== GOAL OF THE EXERCISE ==
From the listing below, reproduce word for word the part that opens with the line containing "Standing on the" and closes with the line containing "NZXT C850 |"; reproduce nothing else.

== DATA IN THIS EXERCISE ==
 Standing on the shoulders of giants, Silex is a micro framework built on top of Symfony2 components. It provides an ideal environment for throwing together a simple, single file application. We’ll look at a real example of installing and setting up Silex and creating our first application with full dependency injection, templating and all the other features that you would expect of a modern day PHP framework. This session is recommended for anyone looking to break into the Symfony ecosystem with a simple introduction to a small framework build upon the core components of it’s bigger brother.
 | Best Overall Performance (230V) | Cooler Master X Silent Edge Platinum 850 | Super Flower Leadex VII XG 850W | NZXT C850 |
* * *
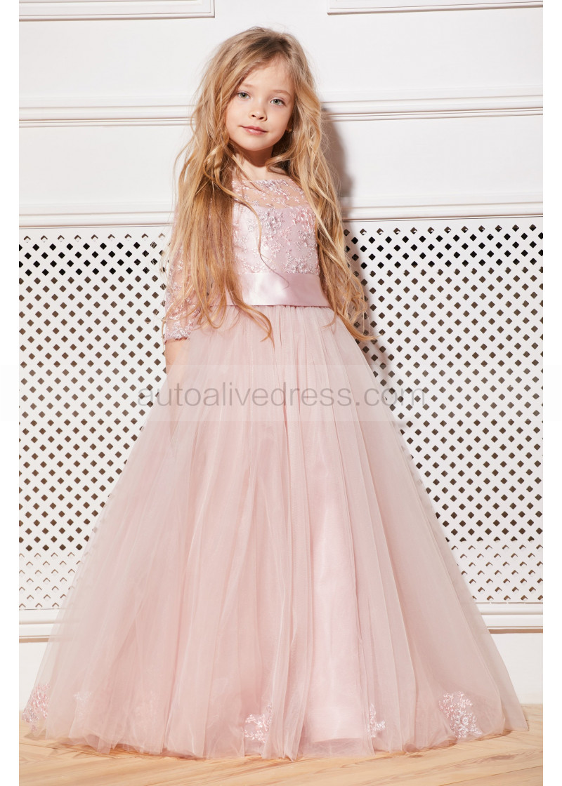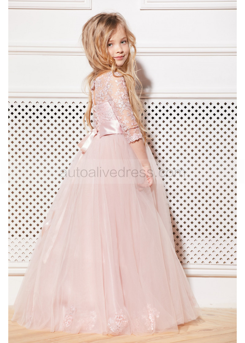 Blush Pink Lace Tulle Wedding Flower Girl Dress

== ANSWER FOR THE TASK ==
 Standing on the shoulders of giants, Silex is a micro framework built on top of Symfony2 components. It provides an ideal environment for throwing together a simple, single file application. We’ll look at a real example of installing and setting up Silex and creating our first application with full dependency injection, templating and all the other features that you would expect of a modern day PHP framework. This session is recommended for anyone looking to break into the Symfony ecosystem with a simple introduction to a small framework build upon the core components of it’s bigger brother.
 | Best Overall Performance (230V) | Cooler Master X Silent Edge Platinum 850 | Super Flower Leadex VII XG 850W | NZXT C850 |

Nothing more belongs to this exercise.